EDMONTON - Federal governments have been reluctant to touch Alberta's dismal record on climate change because they're scared of the consequences, says environmental activist David Suzuki.

"Ottawa kind of tiptoes around Alberta all the time, because they're afraid. The closest thing to separation is Alberta, not Quebec," Suzuki said Saturday night after a sold-out talk to over 800 people at the University of Alberta.

"So Alberta is treated with kid gloves."

The inevitable friction was almost instant when Canada's most famous climate-change crusader began the Alberta leg of his cross-country tour promoting grassroots environmental activism. The provincial economy is booming, thanks largely to development of the northern Alberta oilsands, but the industry is one of the country's big emitters of the gases that contribute to climate change.

Alberta's new premier, Ed Stelmach, has warned of "dire economic consequences" if oilsands development is reined in.

At an appearance in Calgary on Friday, Suzuki told reporters he doesn't have any hope for environmental change under Stelmach.

The premier reacted angrily.

"Tackling the issue of greenhouse gas reduction will require more than hot air and grandstanding," he told the Calgary Sun on Saturday.

"Dr. Suzuki's comments reflect the unproductive emotional rhetoric and personal attacks that distract from efforts to find constructive solutions."

After his speech in Edmonton, Suzuki said his comments weren't personal, and that he only responded to what reporters told him about "Stel - whatever his name is."

Some environmental organizations have called for a moratorium on new oilsands development. Suzuki said he doesn't know enough about the oilsands to comment on that, but something needs to be done about the downside of unbridled expansion.

"Right now, if you look at Fort McMurray, it's an economic, it's a social and an ecological disaster zone."

His problems with Alberta go far beyond what any one person may say, Suzuki said.

A drought in southern Alberta and forest fires are the result of drying, warmer summers, he said. And a major pine beetle invasion - the tiny insects have ruined huge tracts of timber in British Columbia and have now advanced into Alberta's northern forest - is the result of winters that are no longer cold enough to kill them off.

Suzuki said politicians who use the economic argument to justify a lack of intervention are ignoring research that shows climate change will eventually cause the economy to collapse.

Suzuki said research needs to be done to find a method of extracting oil from the oilsands that doesn't burn so much fossil fuel in the process.
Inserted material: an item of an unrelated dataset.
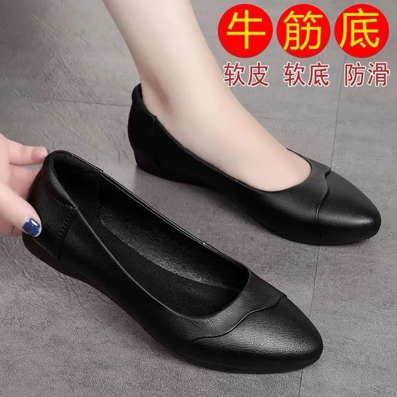 真軟媽媽鞋春秋款單鞋軟底軟面平底單鞋中老年皮鞋大碼女鞋
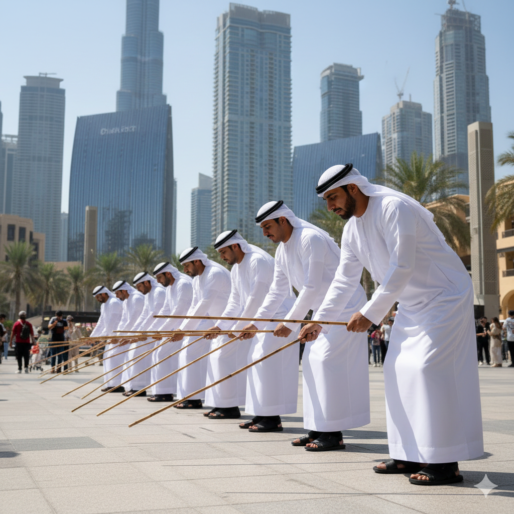 - Je běžné vidět vládce a šejky Emirátů, jak se během národních oslav připojují k řadě tanečníků a tančí s holí v ruce, čímž vyjadřují pouto se svým lidem.

While Prime Minister Stephen Harper "seems to think that any kind of tax imposed on the oil industry to deal with the emissions is like a socialist plot to drain money out of the economy," Suzuki lauds a call by the Alberta-based Pembina Institute for a tax of up to $1.50 per barrel of oil extracted from the oilsands.

That money would then be used to research and develop "alternative, renewable green energy," which would also stimulate jobs and trade.

Suzuki rates British Columbia and Quebec at the head of pack on environmental issues and says Ontario isn't far behind. As for Stelmach?

"I think he'll have no choice. He's going to be shamed into coming up with an Alberta plan."